I am rather flexible when it comes to the metric used to measure the error, but the method should be (hopefully) fast and preferably deterministic.
Background
The need to estimate approximation error arises in an adaptive code: I am trying to construct a piecewise-polynomial approximation to a given $f(x)$. I am assuming that $f(x)$ is smooth and can be (at least) evaluated pointwise, but one could make stronger assumptions if that would help (e.g., requiring the ability to evaluate an arbitrary partial derivative of $f(x)$).
The method is $h$-adaptive, meaning that if the error over a box is judged to be too high, the box is divided into subboxes. Through profiling I found that the slowest part of my code -- also the one that has the highest chance of being optimized -- is the error estimation, thus the question: what would be a good way to do that?

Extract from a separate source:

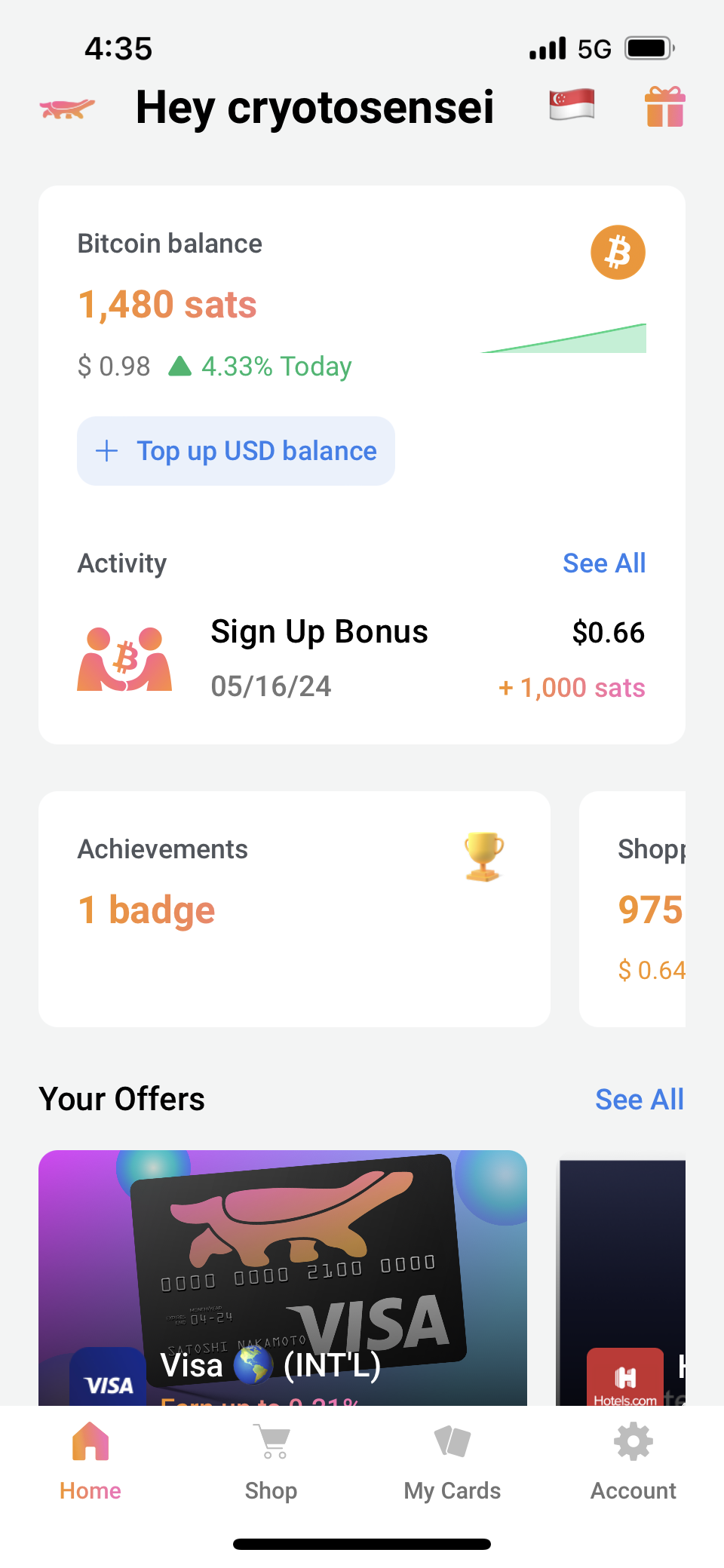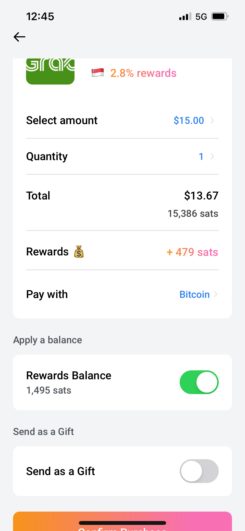 The Bitcoin Company offers pretty decent cashback in the form of sats. Since it provides 2.8% rewards for my chosen brand, Grab, this means that I got to save 479 sats the next time I bought a Grab voucher.

The standard estimate of $|f(x)-p_n(x)|$ is useful for theoretical estimates, but does not work in practice as the number of partial derivatives of order $n+1$ is very high. One may instead attempt to find minimum/maximum of $g(x) = f(x) - p_n(x)$, but $g(x)$ has either lots of local extrema or has other nasty properties. Simply evaluating $|f(x)-p_n(x)|$ at some points is problematic, especially as the dimension $d$ increases.

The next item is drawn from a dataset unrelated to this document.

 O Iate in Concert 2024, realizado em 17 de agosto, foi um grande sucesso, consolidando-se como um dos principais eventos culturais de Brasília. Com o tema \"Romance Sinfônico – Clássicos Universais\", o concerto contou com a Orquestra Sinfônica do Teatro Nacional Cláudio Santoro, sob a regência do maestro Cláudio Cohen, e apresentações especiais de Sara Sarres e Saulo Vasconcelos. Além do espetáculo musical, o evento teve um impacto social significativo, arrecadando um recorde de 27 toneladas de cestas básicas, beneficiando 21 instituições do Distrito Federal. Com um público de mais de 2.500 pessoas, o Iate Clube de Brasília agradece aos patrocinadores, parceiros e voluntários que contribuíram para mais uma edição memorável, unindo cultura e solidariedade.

Proposed solution and alternative question. One solution to my question is to use the approach used by some adaptive methods, such as the Runge-Kutta-Fehlenberg methods. We compute two approximations to $f(x)$, namely $p_{n-1}(x)$ and $p_n(x)$. Letting $q(x) = p_n(x) - p_{n-1}(x)$, a bound on $|q(x)|$ over the box $[-1, 1]^d$ yields an estimate of $|f(x) - p_n(x)|$. Is this a decent approach? If so, could you recommend an upper bound on the absolute value of a polynomial?